The following is from the Electrical section of the Washington State, Standards of Practice, for home inspectors. It states that the inspector will:
“(d) Report, if present, solid conductor aluminum branch circuits. Include a statement in the report that solid conductor aluminum wiring may be hazardous and a licensed electrician should inspect the system to ensure its safe.”
I am quite sure that the framers of the Standards thought that this statement would cover all the bases for this problematic type of wiring that was popular between 1964 and 1976.
What they did not count on was that it would be back.
Three times now, I have found instances of solid conductor aluminum wiring present in homes.
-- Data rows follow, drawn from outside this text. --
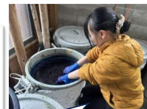
11/25～ ガクゲイのトビラ (藍染)
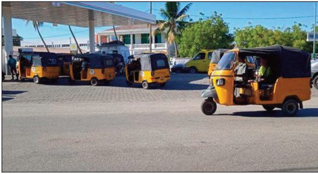
Filahrana solika amin'ny RN4 any Ambondromamy faritra Boeny.

Sahirana amin'izao fotoana ireo mifamoivovy mampiasa ny lalampirenana faha-4 (RN4), ny lalampirenana faha-7 (RN7), ny lalampirenana faha-34 (RN34) noho ny tsy fahampian'ny tahirin-tsolika amin'ny toerana mihazo an'i Mahajanga, mihazo an'Antsirabe, ny mihazo an'i Morondava. Be ireo tafahitsoka any an-toerana noho ny tsy fisian'ny solika, toy ny gazoala, na misy aza dia filaharambe izany. Nijery vahaolana ny tompon'andraikitra ny amin'ny ministeran'ny An-
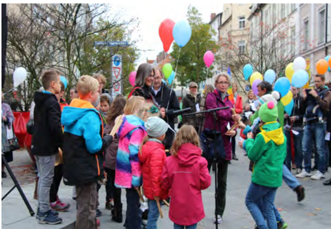
150 bunte Luftballons für den Frieden, Bild: Hubert Fackler
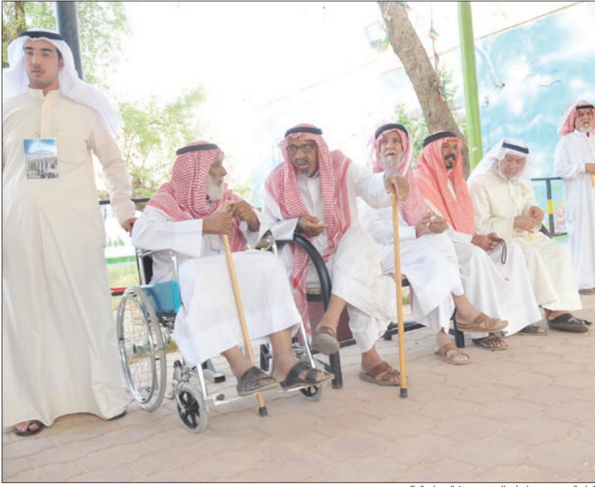
كبار السن حرصوا على الحضور منذ الصباح الباكر

The first instance I found was #8, solid conductor aluminum wiring to an air conditioner. The other two instances was the flexible conduit wiring from the furnace to the switch/panel for the furnace. In the furnace wiring, it was just the ground wire that was aluminum, while the conductors were copper.
As solid conductor aluminum wiring finds its way back into our lives, it poses a difficulty for an inspector required to report it as problematic.
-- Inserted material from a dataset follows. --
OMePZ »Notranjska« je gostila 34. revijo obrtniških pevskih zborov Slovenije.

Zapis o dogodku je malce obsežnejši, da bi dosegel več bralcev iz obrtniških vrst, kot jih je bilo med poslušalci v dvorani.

In my reports I merely state that it is present but that it is not the material the Standards is talking about. Perhaps the Standards should have had some dates in there—then again perhaps this newer aluminum will develop similar problems and the Standards will be accurate again.
PS. For those of you with sharp eyes, the flex conduit has the wrong connector and the ground wire should not be connected where it is–but those things are not what the post is about.